Is this question an armylist?


----------



## Torpored (Jul 17, 2008)

Skaven don't get anything to effect an opponents miscast. Only thing you can do is stock up on stones to give yourself one monster roll that you will probably miscast on.


----------



## ghazghkull-killyork (Jun 15, 2008)

ok thanks guys, um no this isnt an army list but i thought it was like in the 40k things however, this is a spell from WoC i am talking about it means the opponent cant use the leaders leadership and the enemy always miscasts on a double so i was wondering if there was a way to cast curse of the horned rat with out miscasting. that was my question.
sorry for any confusion


----------



## maddermax (May 12, 2008)

ghazghkull-killyork said:


> ok thanks guys, um no this isnt an army list but i thought it was like in the 40k things however, this is a spell from WoC i am talking about it means the opponent cant use the leaders leadership and the enemy always miscasts on a double so i was wondering if there was a way to cast curse of the horned rat with out miscasting. that was my question.
> sorry for any confusion


If it makes even double 6s miscasts, then no, the only way to get off the spell is irresistible force, and that needs a double 6, or rolling over 25, which requires at least 5 dice - and you will always get a double doing this (you need multiple 5's/6's). Using 6 or more dice to cast it also will guarantee a miscast. Or you can wait for the very very rare chance that he miscasts and rolls a 5/6 on the miscast table - at which point you can auto-cast your own spell.
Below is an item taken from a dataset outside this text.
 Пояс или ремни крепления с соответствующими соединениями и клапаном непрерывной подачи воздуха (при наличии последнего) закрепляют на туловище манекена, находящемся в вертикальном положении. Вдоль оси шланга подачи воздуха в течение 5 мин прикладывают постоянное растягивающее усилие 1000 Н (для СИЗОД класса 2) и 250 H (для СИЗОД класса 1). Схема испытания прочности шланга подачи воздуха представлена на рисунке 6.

So, in short, don't let him get that spell off, or wait till next turn. What WOC spell is it anyway? I haven't heard of anything like that before, but then I don't play against them much.


----------



## ghazghkull-killyork (Jun 15, 2008)

well the spell is called pandemonium its a spell from thelore of tzeentch
and yay that is going to be soooo much fun to do


----------



## AAAAAAAAARRRGGHH (Apr 17, 2009)

Yeah, Pandemonium is a Tzeentch RiP spell that has a Ring of Hotek effect (u know, that hated DE item) and also prevents units from using their generals LD if I remember correctly.

Also, since it is a RiP spell, u can just dispel it in ur own turn (if u have nothing better to do) and cast it later. But it is really just "ha! Your miscast roll allows me to cast a spell!! Suck on THIS" kinda spell. But then again, a canny WoC player will just use Infernal puppet if this ever happens to him so you probably shouldn't count on getting it off. 
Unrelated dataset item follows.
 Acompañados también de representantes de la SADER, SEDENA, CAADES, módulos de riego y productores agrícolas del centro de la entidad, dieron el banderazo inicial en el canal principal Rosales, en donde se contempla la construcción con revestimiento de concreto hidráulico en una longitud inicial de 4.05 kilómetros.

It's really only a "OMFG ROLFCOPTER did that just happen?" spell to give players funny stories.


----------



## ghazghkull-killyork (Jun 15, 2008)

yes i know it will be fun considering im thw WoC player here!!!!!!!!!!


----------



## Wolf_Lord_Skoll (Jun 9, 2008)

It is in fact, Impossible. 1+2+3+4+5+6= 21. Nowhere near


----------



## ghazghkull-killyork (Jun 15, 2008)

yay this is going to be mega fun, is there any stones or magic stuff he can have that means he could cast it????? and the chances of this happening is so small i think its some thing like 0.0000214334705075446 but i could be wrong


----------



## Wolf_Lord_Skoll (Jun 9, 2008)

He can't throw more than 6 dice because he will roll a double. No army that I know of has a caster who can get get +4 to cast, so if he can't double,he can't cast The Curse.


----------